Сомнение это высказывалось неоднократно, – был даже найден и термин, «принципиально» отделяющий публицистов «Русского слова» с Писаревым во главе от революционно-демократической традиции, – «буржуазные радикалы». И питалось это сомнение антиисторическим, упрощенным толкованием не только творчества Писарева и его товарищей но журналу3, но и того сложнейшего явления в истории русского и не только русского освободительного движения, которое именуется революционной демократией.

Такое внеисторическое, упрощенное толкование проявилось и в статье А. Лебедева, который вводит понятие «истинного» революционного демократизма, уточняя, что таковым может считаться лишь система воззрений «на манер Чернышевского, Герцена и Добролюбова». Как же быть в таком случае не только с Писаревым или Варфоломеем Зайцевым – чьи воззрения, конечно же, не были на уровне воззрений Чернышевского, – но и с такими, скажем, фигурами, как Ткачев, Лавров, народовольцы в целом? Их «манер» мышления, их социологические системы в еще большей степени отличались от теоретических концепций Чернышевского и Добролюбова и очень разнились между собой. Считать ли их «истинными» революционными демократами или придерживаться привычной метафизической точки зрения, противопоставлявшей революционный демократизм 60-х годов народничеству 70-х?

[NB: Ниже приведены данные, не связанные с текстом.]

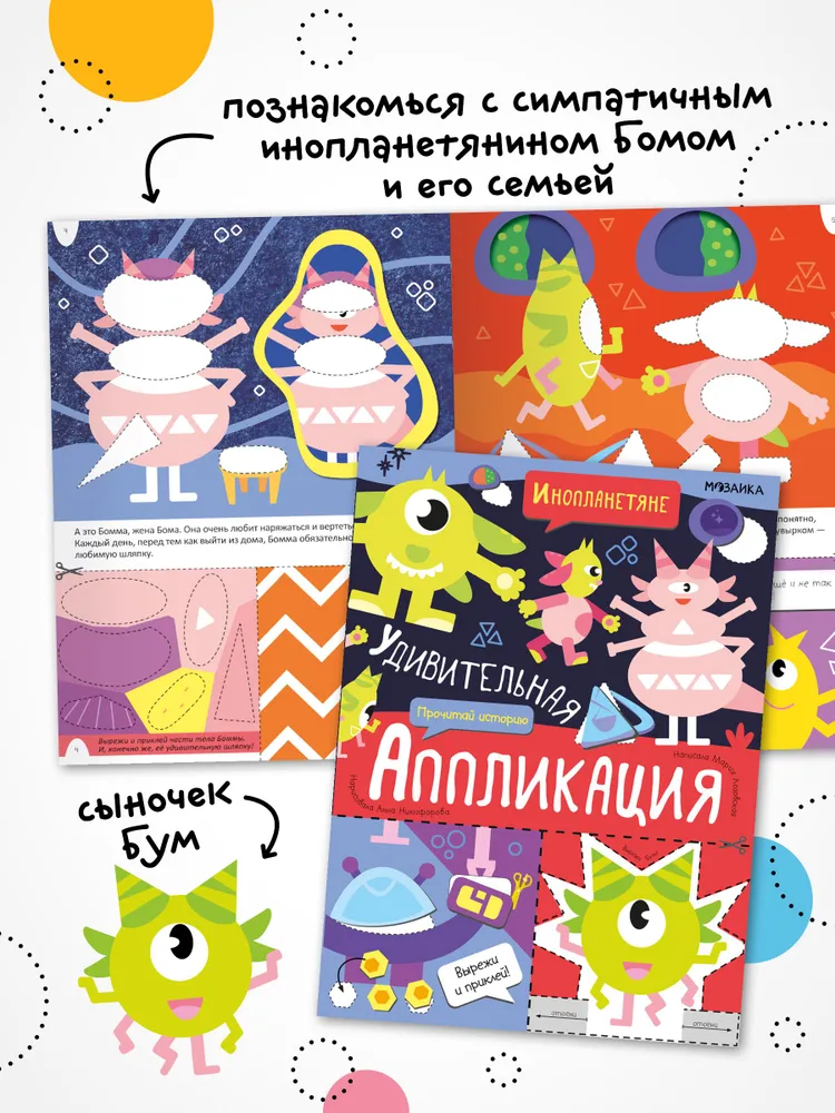 В книге «Инопланетяне» серии «Удивительная аппликация» ребенок познакомится с симпатичным инопланетянином Бамом и его семьей. Особенность и волшебство этой книжки в том, что ребенок сам сможет ее проиллюстрировать. Нужно вырезать цветные элементы внизу каждой странички и приклеить их на подходящие места. Книжка готова! А еще, пока ребенок работает над книжкой, он незаметно для себя потренирует мелкую моторику, глазомер, внимательность и усидчивость.
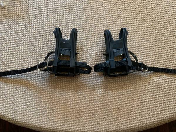 ***Brand NEW*** 2 pairs available Safety strap on MTB or Commuter bike pedals with safety reflectors Came with my my new Canyon road bike. John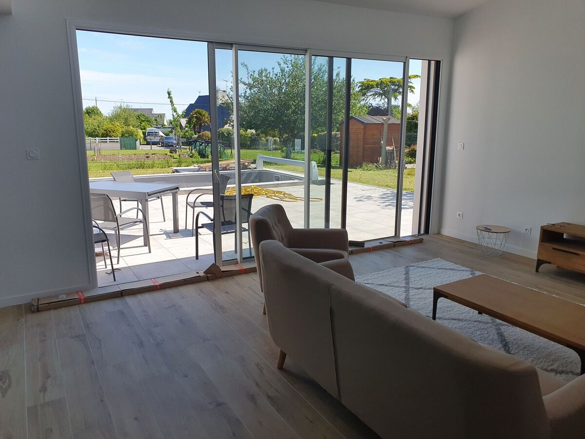 Maison neuve de 130 m2 avec jardin à Fouesnant à 3 kms de la plage comprenant : cuisine équipée de 26 m2 (lave vaisselle , four , micro ondes, frigo congélateur; cafetière Nespresso...) ainsi qu'un salon de 32 m2 avec vue sur la piscine privative chauffée.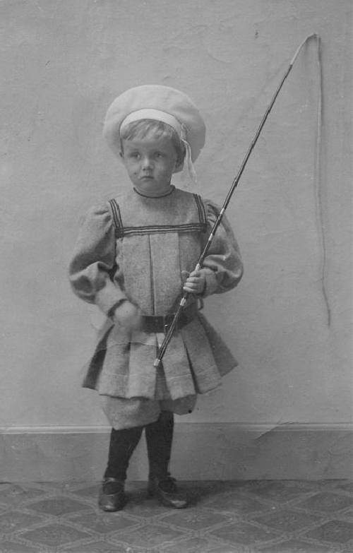A little older father wore a sailor-styled tunic with a saucer sailor cap. Notice the white side streamers on the cap. Father was photographed here in 1899. He looks to be about 3 years old. These tunics suits were a very popular outfit for younger boys. They were commonly used as kind of a transition from dresses to pants. Nore that they are a skirted garment, yet worn with bloomer knickers. They were done in diffrent styles. The tunic suit father wears is a sailor tunic. He weasks black long stockings and strap shoes with the outfit. He is pictured holding a horse whip. I am not sure just why, but we note that boyss wearing dresses at the time were often posed with props to emphasize that they were boys. Perhaps that is why he was posed with a whip here.
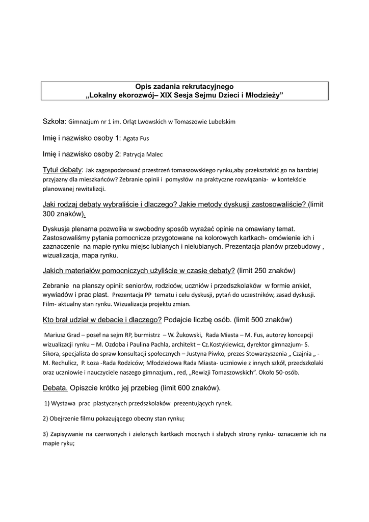 Opis zadania rekrutacyjnego „Lokalny ekorozwój– XIX Sesja Sejmu Dzieci i Młodzieży” Szkoła: Gimnazjum nr 1 im. Orląt Lwowskich w Tomaszowie Lubelskim Imię i nazwisko osoby 1: Agata Fus Imię i nazwisko osoby 2: Patrycja Malec Tytuł debaty: Jak zagospodarować przestrzeń tomaszowskiego rynku,aby przekształcić go na bardziej przyjazny dla mieszkańców? Zebranie opinii i pomysłów na praktyczne rozwiązania- w kontekście planowanej rewitalizcji. Jaki rodzaj debaty wybraliście i dlaczego? Jakie metody dyskusji zastosowaliście? (limit 300 znaków). Dyskusja plenarna pozwoliła w swobodny sposób wyrażać opinie na omawiany temat. Zastosowaliśmy pytania pomocnicze przygotowane na kolorowych kartkach- omówienie ich i zaznaczenie na mapie rynku miejsc lubianych i nielubianych. Prezentacja planów przebudowy , wizualizacja, mapa rynku. Jakich materiałów pomocniczych użyliście w czasie debaty? (limit 250 znaków) Zebranie na planszy opinii: seniorów, rodziców, uczniów i przedszkolaków w formie ankiet, wywiadów i prac plast. Prezentacja PP tematu i celu dyskusji, pytań do uczestników, zasad dyskusji. Film- aktualny stan rynku. Wizualizacja projektu zmian. Kto brał udział w debacie i dlaczego? Podajcie liczbę osób. (limit 500 znaków) Mariusz Grad – poseł na sejm RP, burmistrz – W. Żukowski, Rada Miasta – M. Fus, autorzy koncepcji wizualizacji rynku – M. Ozdoba i Paulina Pachla, architekt – Cz.Kostykiewicz, dyrektor gimnazjum- S. Sikora, specjalista do spraw konsultacji społecznych – Justyna Piwko, prezes Stowarzyszenia „ Czajnia „ M. Rechulicz, P. Łoza -Rada Rodziców; Młodzieżowa Rada Miasta- uczniowie z innych szkół, przedszkolaki oraz uczniowie i nauczyciele naszego gimnazjum., red, „Rewizji Tomaszowskich”. Około 50-osób. Debata. Opiszcie krótko jej przebieg (limit 600 znaków). 1) Wystawa prac plastycznych przedszkolaków prezentujących rynek. 2) Obejrzenie filmu pokazującego obecny stan rynku; 3) Zapisywanie na czerwonych i zielonych kartkach mocnych i słabych strony rynku- oznaczenie ich na mapie ryku; 4) Przedstawienie wniosków z prac przedszkolaków oraz wyników ankiet; 5) Omówienie cech i funkcji rynku przez architektów; 6) Ustalenie zasad dyskusji i wprowadzenie do niej; 7) Dyskusja panelistów i uczniów gimnazjum-prezentowanie kolejnych etapów spotkania na ekranienotowanie ich przez sekretarza; 8) Podsumowanie dyskusji przez moderatora. Wnioski z debat. Opiszcie je w punktach. Wskażcie podawane w trakcie debaty realne propozycje zmian dotyczące ekorozwoju w Waszym otoczeniu, plany na najbliższą przyszłość, działania które zamierzacie podjąć. (limit 700 znaków) Działania, które zamierzamy podjąć: 1. Wykonanie projektów plastycznych ławek przez uczniów - ławka młodych. 2. Przeznaczenie tablicy na rynku na prace plastyczne dla przedszkoli. 3.Postawienie tablica historycznej lub makiety dawnego Tomaszowa- przystąpiliśmy do konkursu grantowego Stowarzyszenia „Czajnia” Wnioski z debaty: Zakupienie większej ilości ławek i koszy na śmieci, • Lepsze wykorzystanie miejsc zabytkowych – np. Herbaciarni, • Nadzór straży miejskiej' • Wymiana kostki, • Więcej roślinności, • Zagospodarowanie części rynku na odpoczynek dla mieszkańców w różnym wieku, • Przygotowanie projektu skierowanego do mieszkańców-cel zmiana postrzegania rynku jako miejsca nieprzyjaznego, przejściowego. Napiszcie w jaki sposób i komu ogłosiliście i przedstawiliście wyniki Waszej debaty. (limit 300 znaków) 1) uczniom naszego gimnazjum- gazetka na korytarzu szkolnym; 2) mieszkańcom miasta- artykuł w „Rewizjach Tomaszowskich”, 3) zainteresowanym- strony internetowe Urzędu Miasta i gimnazjum, przedszkola; 4)przedszkolakom- wystawa zdjęć Wymieńcie wszystkie załączniki dokumentujące debatę, które dodaliście jako pliki do relacji z debaty (limit 300 znaków). Zdjęcia i prezentacje z debaty. Karty wypełnione przez uczestników z mocnymi i słabymi stronami rynku ( na zdjęciach ). Mapa rynku, na której oznaczyliśmy lubiane (zielone) i nielubiane ( czerwone) miejsca ( na zdjęciach ), Wizualizacja planów przebudowy rynku ( na zdjęciach ). Wymieńcie linki internetowe prezentujące Waszą debatę - np. link do dodatkowych zdjęć lub filmu (limit 300 znaków, pole nieobowiązkowe). http://gimnazjum1.tl24.pl/index.php http://www.strona.ps5tom.nazwa.pl/index.php?mact=Album,cntnt01,default,0&cntnt01albumid=400&c ntnt01returnid=17 http://www.rewizjetomaszowskie.pl/?p=2308 http://www.tomaszow-lubelski.pl/

В действительности революционные демократы – не каста избранных, не почетный титул, присваиваемый за «истинность» воззрений, но чрезвычайно сложное, объемное общественное движение, целая полоса, этап в истории русской общественной мысли второй половины XIX века. Мировоззрение Чернышевского и Добролюбова было истоком и одновременно вершиной революционно-демократической идеологии в России.

Формы революционно-демократической идеологии не были статичными, они менялись в зависимости от исторической ситуации, – увы! – далеко не всегда сохранил ту «истинность», которая была свойственна истоку и вершине – миросозерцанию Чернышевского. Скажем, в народничестве 70-х годов, – они испытывали все возрастающее влияние механистического материализма, позитивизма и субъективной социологии, утрачивая цельность и высоту философского материализма и объективной философии истории, свойственных классикам демократической мысли.

Тому есть объективная причина.

Высшая точка подъема крестьянской революционности в России – время первой половины 60-х годов – совпала и с вершиной в развитии революционно-демократической мысли – деятельностью Чернышевского и Добролюбова.

Случайно ли это?..

Очевидно, не только природная одаренность и талант, но святая вера в близкую народную революцию, то есть максимум совпадения между идеалом и действительностью, предопределили как глубокий исторический оптимизм этих великих шестидесятников, так и концептуальную цельность, последовательность и чистоту их теорий, невозможную, недосягаемую для их продолжателей и последователей. И опять-таки не в силу их личной ограниченности: после того, как первая революционная ситуация в России потерпела крах под одновременным воздействием репрессий и реформ, послуживших своеобразным отводным клапаном, крестьянская революционность резко пошла на спад и никогда уже на протяжении XIX века не поднялась до критической точки 1859 – 1861 годов. Все увеличивался разрыв между идеалом и действительностью, все мучительнее были попытки сопряжения теории и практики, все обнаженнее ощущался трагизм положения русской революционной демократии, выявившийся окончательно в том взрыве героизма, самоотвержения, отчаяния, который завершился 1 марта 1881 года.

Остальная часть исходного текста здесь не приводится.